The idea behind the crossover and evolution strategy is to introduce new individuals to the population by exchanging them when it becomes trapped in local optima and is unable to produce any new individuals. Moreover, the newly introduced individuals have undergone a certain number of evolution operations and do not affect the efficiency of subsequent updates with evolutionary processes.

When initializing individuals in the quantum genetic algorithm, the probability amplitudes \(\alpha \) and \(\beta \) are usually set to \(\frac{1}{\sqrt{2}}\). In this paper, an improved algorithm sets the initial probability amplitudes as random numbers within the range of (0, 1), \(\alpha \) and \(\beta \) satisfy the normalization condition. This enhances the diversity of the initial population.

4.2 Dynamic rotation angle

The QGA evolves the quantum state of the current individual toward the quantum state of the optimal individual through quantum rotation gates. In classical quantum genetic algorithms, fixed rotation angles are used for updating. In earlier stages, too small rotation angles can affect the convergence rate. While in later stages, too large rotation angles may also miss the optimum solution.

To address the above-mentioned problem, a dynamic rotation angle strategy is proposed: the size of the rotation angle that determines the convergence rate is determined by the fitness values of the current individual and the optimum individual. In the early stages, when there is a large difference between the fitness values of the two individuals, the rotation angle should be increased to accelerate the individual's convergence to the optimal solution; in the later stage, there is a small difference in fitness between the two, the rotation angle should be decreased to prevent excessive rotation and miss the optimal solution.

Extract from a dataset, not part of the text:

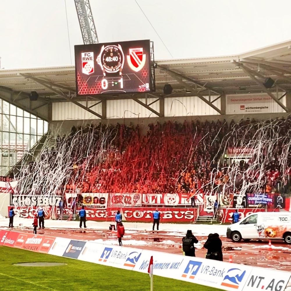 Es ging also pyrofrei mit 0:1 in die Pause und nachdem die Spieler die Seiten gewechselt hatten, lief es vorerst weiter wie gehabt. Erfurt versuchte Druck aufzubauen, aber der ehemalige Bundesligist ließ kaum gute Torgelegenheiten zu und lauerte zugleich auf Konter. Für den ersten Höhepunkt des zweiten Durchgangs sorgten daher wieder die FCE-Fans. Sie hatten die viertelstündige Unterbrechung genutzt, um überall im Block Wurfrollen in rot und weiß zu verteilen. In der 49.Minute gingen diese schließlich auf Kommando als Schleier auf der Tartanbahn nieder. Danach blieben die über 1.000 Mitgereisten weiterhin sangesfreudig und durften in der 67.Minute ein weiteres Tor ihrer Lieblingsmannschaft bejubeln. Denn das Team verfügt über etwas, was im Cottbusser Fanblock wahrscheinlich weiterhin Mangelware ist: Einen sichtbaren und sehr aktiven Linksaußen. Nicolas William Wähling heißt dieser und konnte in besagter Spielminute auf 0:2 erhöhen.

Optimization strategy for dynamic rotation angle \(\Delta {\theta }_{i}\):

$$ \Delta \theta_i = k\left( {\theta_{\max } - \theta_{\min } } \right) + \theta_{\min } , $$
(12)
$$ k = \arcsin \left( {\frac{{f_{{\text{opt}}} - f_{{\text{cur}}} }}{{f_{{\text{opt}}} }}} \right), $$
(13)

else, \({f}_{\rm opt}\) is the optimal individual fitness, while \({f}_{\rm cur}\) is the current individual fitness. Whereas \({\theta }_{\max}\) and \({\theta }_{\min}\) are the maximum and minimum angles of rotation.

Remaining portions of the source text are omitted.